Last night, I met my girlfriend whom I have known for 25 years!
I had the cold, nursing a stuffy nose and exhausted from a full day’s work, but still I carried on with our dinner plans, because she was taking the midnight flight out of Singapore back to where she’s based now for work.
We have not seen each other for the past 8 years. In between, we moved houses, relocated, changed jobs and we simply lost touch. And now, a cold cannot hold me back from meeting this friend for dinner.
She found me through the social networking sites, tracked down my latest contact details because she was in Singapore for a work trip. We arranged to meet for dinner.
25 years is a long time. We knew each other when we were little girls. My family was on a vacation to Taiwan, and while the adults chit chat, the children found our way to the playground and we played for an entire afternoon. When you were kids, an entire afternoon is an eternity, and if you got along, you become best friends forever.
So we promised to write each other. This is a time before the internet. We were pen pals. We’d share with each other the details of our lives, complete with drawings and illustrations to bring out the full meaning of what we were trying to express over paper. Sometimes there’ll be a bookmark, or a sticker and these are simple gifts that’ll travel miles and miles just to tell a friend that we care.
Through our middle school, high school and college years, we’d write and write and write to each other. Sometimes it is not what is written, but what was written then scratched away. The intensity of the handwriting, the speed of how the words were scribed, or how the letters were folded are all telling signs. Signs of a friendship that grew with pen and paper; signs of a friendship that grew intuitively.
As we mature into womanhood, our lives took on different beats. Things happen so fast so soon that it was impossible to catch each other up via pen and paper anymore.
Our correspondences dwindled in frequency, but never diminishes in intensity. We still knew we had each other’s ears.

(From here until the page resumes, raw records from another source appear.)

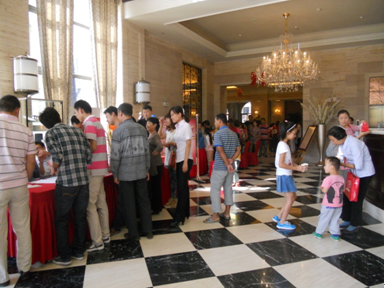 此次活動中到訪的所有客戶均將獲得一張祝??ㄆ?,客戶可以在祝福卡片上寫上自己對老師誠摯的祝福貼在祝福墻上,活動中將從中抽取10名客戶贈送禮品一份?;顒蝇F(xiàn)場還準(zhǔn)備了豐富多彩的其它活動:猜燈謎、月餅DIY、桌面足球等互動游戲,參與現(xiàn)場活動即可有機會獲得豐厚的獎品。持有活動邀請函的老師在活動結(jié)束時,憑邀請函還能兌換一份精美禮品。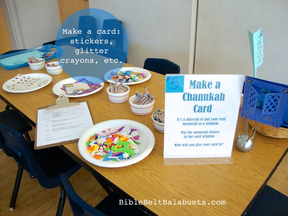 • Make a Hanukkah Card: provide stickers, crayons, markers, rubber stamps, paper and examples of how to spell Hanukkah in English and Hebrew.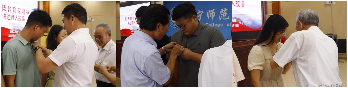 随后,覃卫媛、李芬、乔永顺、余斯婷、黄驰5位优秀教师代表依次分享育人故事。他们结合多年教育实践,讲述了扎根讲台的经历,阐释了对教育家精神的理解与践行,引发在场师生强烈共鸣。分享结束后,学校领导为工作满10周年的教师代表颁发“十周年教师”荣誉证书,并为新教师佩戴校徽,既肯定了资深教师的坚守与付出,也寄予新教师扎根教育、成长成才的期望。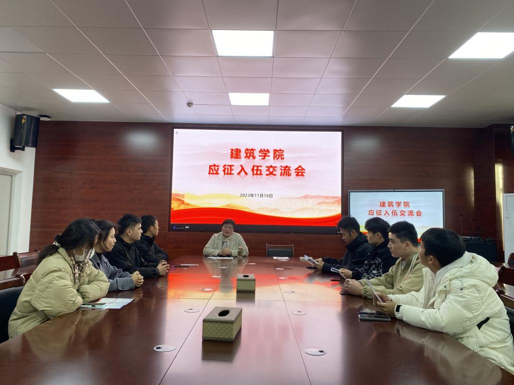 为进一步落实国家相关征兵工作,帮助大学生全面了解征兵政策,激发毕业生应征入伍热情。11月16日下午,建筑学院在尚行楼A301召开应征入伍交流座谈会,学院党委副书记谢宜勤,辅导员王明哲,退役大学生士兵代表以及全体有意愿入伍的2024届毕业生参加了本次座谈会。座谈会由谢宜勤主持召开。

She has always reach out to me when she reaches the low points in her life. When she feels most defeated and needs a safe harbor to rest. For the past 8 years, when I did not hear from her, I know that she wanted to on her own and fight the good fight because she wanted to be strong. But when I heard her voice over the phone to schedule for our dinner, I also knew instinctively that she needed an old friend’s assurance again.
Hence, cold-struck or not, I was determined to make it to dinner.
2010 was a bad year for her. Work wise she was doing well when she left Taiwan and relocated to be where her work took her, but her personal life was falling apart and the challenges too much to take on all alone in a foreign land. She sank into depression, and her work days sustained only by the medication prescribed by her doctor. In between our dinner, she’d still be teary-eyed as we talked and there will be moments when she needed to take in a deep breathe to calm herself.
You are so brave, my friend. You’ve always had a kind heart, and sadly there are some people who’d trample on that. Don’t beat yourself up because you had been kind. From now on, just be kinder to yourself.
She nodded.
I think that was all that needed from an old, old friend.
Last night, as we shared our dinner and we poured our hearts out , I know that no amount of time can take away that sense of familiarity. We were there with each other when we – our menial existence of mind and soul – was only just forming. You could say that in a sense, we knew each other from genesis.
As I saw her leave for her flight, I could only say my quiet prayers in my heart. Get well, my friend. Life is hard, but you know when you have an old friend who is still with you in spirit for the past 25 years and still more to come, you can be strong!
A friendship that started in a sandbox, sustained by penpal-ship and now reconnected by technology.